Source material:
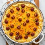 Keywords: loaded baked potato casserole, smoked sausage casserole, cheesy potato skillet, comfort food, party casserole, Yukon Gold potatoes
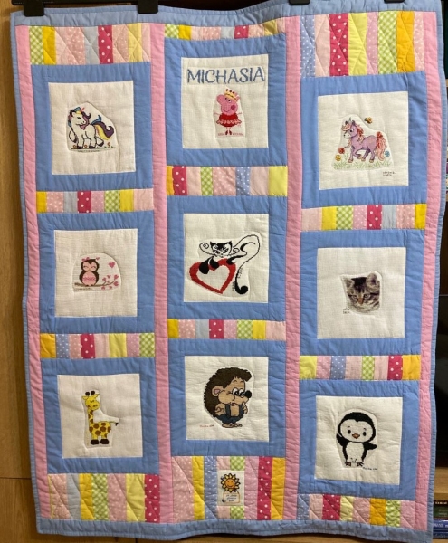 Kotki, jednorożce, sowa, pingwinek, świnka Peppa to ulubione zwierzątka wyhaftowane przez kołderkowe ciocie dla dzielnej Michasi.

==

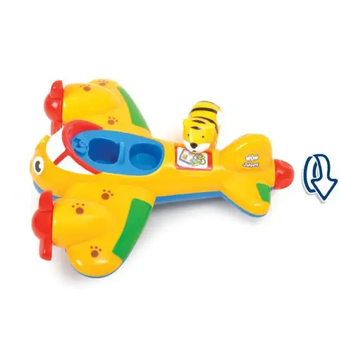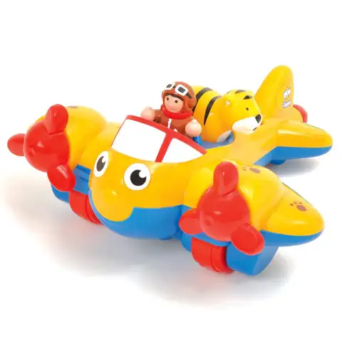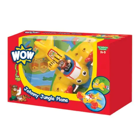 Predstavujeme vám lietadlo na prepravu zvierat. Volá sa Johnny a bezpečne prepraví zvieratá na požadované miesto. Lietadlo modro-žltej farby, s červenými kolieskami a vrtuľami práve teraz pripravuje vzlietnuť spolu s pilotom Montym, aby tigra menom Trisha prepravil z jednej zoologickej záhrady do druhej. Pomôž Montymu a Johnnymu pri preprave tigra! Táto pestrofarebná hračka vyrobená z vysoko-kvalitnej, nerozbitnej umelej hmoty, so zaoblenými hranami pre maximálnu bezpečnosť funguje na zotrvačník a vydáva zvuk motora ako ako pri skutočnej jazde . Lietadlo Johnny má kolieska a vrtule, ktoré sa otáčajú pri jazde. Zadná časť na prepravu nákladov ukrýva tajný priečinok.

Problem: Quote the data above exactly from the line with "Keywords: loaded baked" to the line with "Kotki, jednorożce, sowa, pingwinek, świnka", both ends counted, and nothing else. Pictures don't go in.

Written solution:
 Keywords: loaded baked potato casserole, smoked sausage casserole, cheesy potato skillet, comfort food, party casserole, Yukon Gold potatoes
 Kotki, jednorożce, sowa, pingwinek, świnka Peppa to ulubione zwierzątka wyhaftowane przez kołderkowe ciocie dla dzielnej Michasi.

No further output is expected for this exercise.